Но Ольвия наотрез отказалась повторяться. После этого количество предложений сразу уменьшилось, и в конце концов остался лишь один человек, который согласился работать с ней на любых условиях. Он шел на риск, потому что хотел продавать любые картины, написанные рукой Ольвии. Он надеялся, что одного ее имени будет достаточно для того, чтобы ее работы не остались без внимания, А поэтому Ольвия вернулась в Оксфорд полная новых планов и проектов с авансом и немалым гонораром от проданных картин.

Она сильно волновалась, потому что не знала, как к ее возвращению в мир живописи отнесется Питер. Но, к ее удивлению, муж полностью поддержал ее творческие планы. И тогда Ольвия решилась попросить его о том, чтобы он согласился осуществить ее давнюю мечту: уехать на острова и поработать среди диких скал, вдали от всякой цивилизации.

Питер попытался возражать, делая упор на то, что они не в том возрасте, чтобы неделями добираться неизвестно на чем до диких мест в заброшенных Богом и людьми уголках планеты.

Хотя, на самом деле, больше всего его пугали походные условия, перспектива жизни в хижинах, неустроенность быта. Но, в принципе, идея Ольвии Питеру понравилась. Он и сам считал, что ему лучше было бы уехать куда-нибудь далеко и попытаться забыть Джастину.

Разрыв с любимой он надеялся в разлуке пережить менее болезненно. Они сошлись на компромиссе. Решено было отправиться на совсем близкие острова близ западного побережья Шотландии.

Разложив перед Питером карту, Ольвия предложила поехать на остров Айону, который располагается к северо-западу от Глазго. Питер удивился, почему его жена с такой определенностью среди множества других выбрала именно эту точку на карте.

И тогда она целый вечер увлеченно рассказывала ему о том, как еще в 563 году сюда на обыкновенной плетеной рыбачьей лодке приплыл из Ирландии святой Колумб. Он тут же провозгласил этот остров святым местом, идеальным для его миссионерской деятельности. Именно отсюда, с этого маленького острова пришло христианство в Британию. Ведь до этого пикты, скотты, бритты были язычниками. И именно отсюда христианство отправилось дальше в северную Европу – в Данию, Норвегию, Исландию, Швецию.

А через шесть веков монахи-бенедиктинцы построили на Айоне прекрасные монастыри – мужской и женский, сложенные из обтесанного серого камня, из которого состоит весь остров.

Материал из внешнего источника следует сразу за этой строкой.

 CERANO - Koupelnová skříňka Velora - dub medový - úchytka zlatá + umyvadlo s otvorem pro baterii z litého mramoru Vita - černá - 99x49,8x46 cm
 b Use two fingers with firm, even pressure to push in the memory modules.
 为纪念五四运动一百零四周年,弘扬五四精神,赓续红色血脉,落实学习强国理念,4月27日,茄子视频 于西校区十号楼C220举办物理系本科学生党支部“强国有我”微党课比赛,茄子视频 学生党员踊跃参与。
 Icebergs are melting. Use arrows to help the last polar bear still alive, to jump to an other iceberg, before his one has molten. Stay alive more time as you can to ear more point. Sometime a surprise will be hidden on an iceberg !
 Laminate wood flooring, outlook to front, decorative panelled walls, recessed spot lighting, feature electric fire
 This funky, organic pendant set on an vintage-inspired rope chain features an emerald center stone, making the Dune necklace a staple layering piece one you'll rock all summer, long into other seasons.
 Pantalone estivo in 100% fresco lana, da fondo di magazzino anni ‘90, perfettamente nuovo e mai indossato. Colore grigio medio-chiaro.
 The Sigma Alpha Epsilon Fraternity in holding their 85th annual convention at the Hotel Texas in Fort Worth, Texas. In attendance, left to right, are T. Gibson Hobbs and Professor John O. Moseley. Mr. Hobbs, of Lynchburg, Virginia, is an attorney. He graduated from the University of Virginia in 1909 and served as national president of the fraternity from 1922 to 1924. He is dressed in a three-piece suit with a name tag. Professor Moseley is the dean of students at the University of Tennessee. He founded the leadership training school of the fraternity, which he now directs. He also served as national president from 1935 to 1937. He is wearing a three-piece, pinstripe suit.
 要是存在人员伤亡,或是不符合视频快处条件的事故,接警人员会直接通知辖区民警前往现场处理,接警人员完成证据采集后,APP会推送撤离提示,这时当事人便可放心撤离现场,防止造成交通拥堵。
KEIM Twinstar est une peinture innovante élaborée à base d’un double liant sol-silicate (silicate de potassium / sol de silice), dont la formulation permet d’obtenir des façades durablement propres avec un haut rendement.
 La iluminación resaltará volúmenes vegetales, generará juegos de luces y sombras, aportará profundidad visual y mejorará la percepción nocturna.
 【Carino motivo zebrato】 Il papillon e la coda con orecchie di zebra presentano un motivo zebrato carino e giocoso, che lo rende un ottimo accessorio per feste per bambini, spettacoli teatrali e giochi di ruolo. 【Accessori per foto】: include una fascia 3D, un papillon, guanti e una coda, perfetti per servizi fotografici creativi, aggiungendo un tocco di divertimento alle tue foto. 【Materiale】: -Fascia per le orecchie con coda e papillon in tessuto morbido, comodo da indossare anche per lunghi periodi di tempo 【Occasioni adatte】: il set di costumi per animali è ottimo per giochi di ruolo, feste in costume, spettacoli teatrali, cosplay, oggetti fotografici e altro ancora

Их совсем недавно восстановили, и теперь эти монастыри возвышаются среди скал, сами похожие на скалы, созданные руками человека.

Этот остров обладает гигантской энергетикой. Несмотря на то, что до него добраться, каждое лето сюда отправляются десятки тысяч туристов, чтобы посетить аббатство и монастыри. Геологи утверждают, что горная порода, из которого состоит сам остров – уникальна. Вероятно, она существует уже полтора миллиарда лет. Это один из старейших островов в мире, а значит камни, из которых выложены эти святыни, так же одни из самых старых в мире.

Возможно поэтому они так притягивают к себе людей. Кто только не писал об этом острове: Бозуэл и Джонсон, Ворсворт и Китс, Мендельсон и сэр Скотт, Роберт Льюис Стивенсон и многие другие.

Тут побывала королева Виктория. Ну, а про художников и говорить нечего. Этим островом были очарованы целые поколения мастеров кисти и все они находили здесь нечто большее, чем просто впечатляющие горные и морские пейзажи. А два знаменитых шотландца Пэплоу и Кадэл практически жили там. Во всяком случае, они возвращались на этот остров вновь и вновь.

На эти слова Ольвии Питер попытался возразить:

– Но тогда зачем тебе ехать туда? Что нового ты сможешь открыть на этих поросших мхом камнях?

Ольвия удивленно посмотрела на мужа:

– Ты говоришь как дилетант, как человек, который никогда в жизни не имел никакого отношения к искусству!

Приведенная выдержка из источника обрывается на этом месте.